What needs reproducing is the run of lines in the data below starting at the line with "LEATHER UPHOLSTERED SECTION, BEAUTIFUL" and ending at the line with "久しぶりに暖かくなった朝。森", both ends included. Copy it exactly, without pictures, and add nothing.

→ GIVEN ENTRIES
********

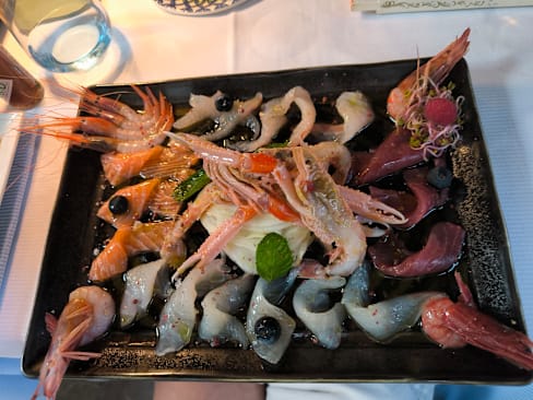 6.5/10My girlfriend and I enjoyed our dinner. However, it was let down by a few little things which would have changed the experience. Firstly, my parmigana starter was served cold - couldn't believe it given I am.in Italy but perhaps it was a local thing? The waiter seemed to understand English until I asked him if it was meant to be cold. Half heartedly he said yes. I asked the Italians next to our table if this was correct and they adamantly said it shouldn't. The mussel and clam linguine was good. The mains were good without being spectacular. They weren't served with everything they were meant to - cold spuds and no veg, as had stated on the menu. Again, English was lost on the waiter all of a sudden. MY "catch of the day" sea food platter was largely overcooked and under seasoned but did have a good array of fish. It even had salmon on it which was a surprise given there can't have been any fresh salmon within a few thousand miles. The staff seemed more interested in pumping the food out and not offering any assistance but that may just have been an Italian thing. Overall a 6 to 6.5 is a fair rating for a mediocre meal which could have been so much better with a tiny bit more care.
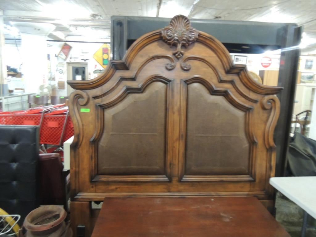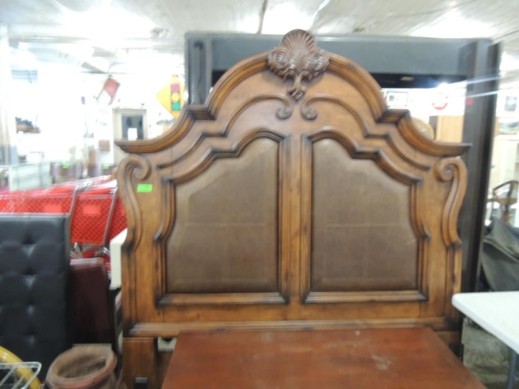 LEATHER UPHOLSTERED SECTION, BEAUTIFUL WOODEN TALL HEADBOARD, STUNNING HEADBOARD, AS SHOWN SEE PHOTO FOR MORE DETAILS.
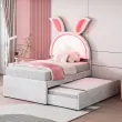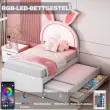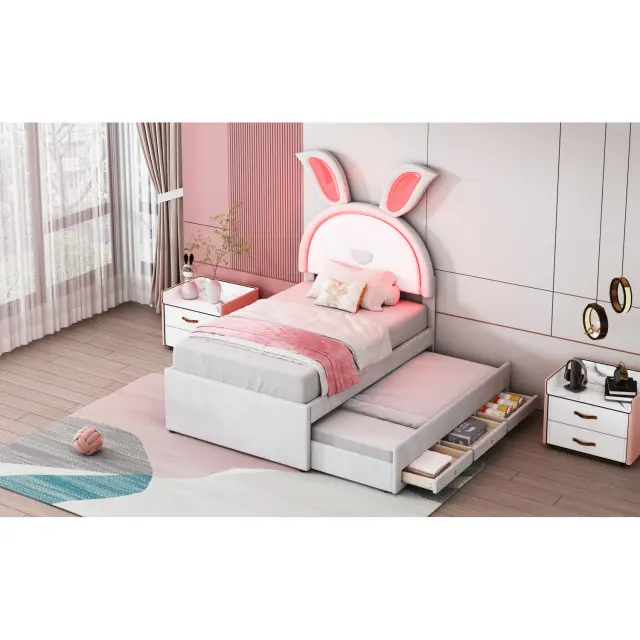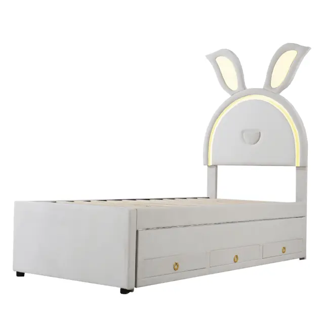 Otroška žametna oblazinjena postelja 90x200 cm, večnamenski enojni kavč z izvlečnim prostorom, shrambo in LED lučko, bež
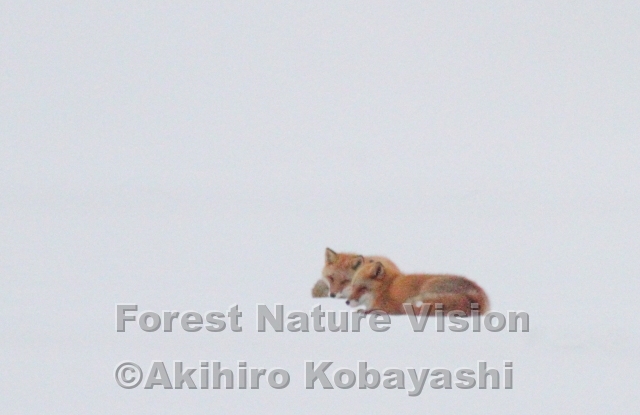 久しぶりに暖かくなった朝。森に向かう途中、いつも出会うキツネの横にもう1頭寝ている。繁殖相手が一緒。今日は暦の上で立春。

********

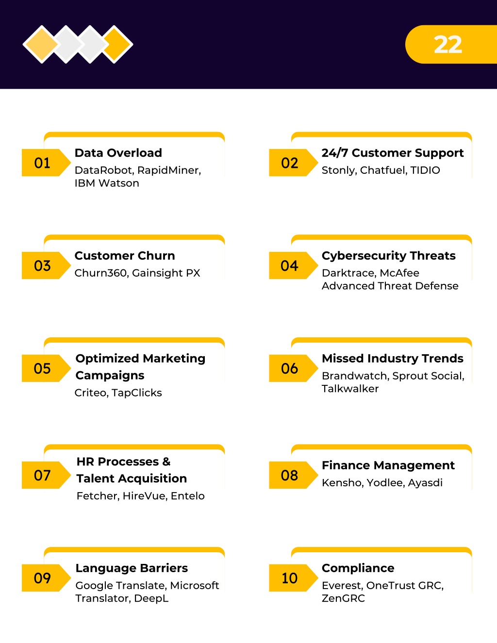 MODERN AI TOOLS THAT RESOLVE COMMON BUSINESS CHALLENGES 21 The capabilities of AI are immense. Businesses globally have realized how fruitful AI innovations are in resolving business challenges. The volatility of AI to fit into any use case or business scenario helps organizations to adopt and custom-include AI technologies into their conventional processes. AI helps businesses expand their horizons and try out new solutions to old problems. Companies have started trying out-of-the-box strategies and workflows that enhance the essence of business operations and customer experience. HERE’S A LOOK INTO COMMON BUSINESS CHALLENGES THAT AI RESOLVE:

********

→ RESPONSE FOR THIS EXERCISE
 LEATHER UPHOLSTERED SECTION, BEAUTIFUL WOODEN TALL HEADBOARD, STUNNING HEADBOARD, AS SHOWN SEE PHOTO FOR MORE DETAILS.
 Otroška žametna oblazinjena postelja 90x200 cm, večnamenski enojni kavč z izvlečnim prostorom, shrambo in LED lučko, bež
 久しぶりに暖かくなった朝。森に向かう途中、いつも出会うキツネの横にもう1頭寝ている。繁殖相手が一緒。今日は暦の上で立春。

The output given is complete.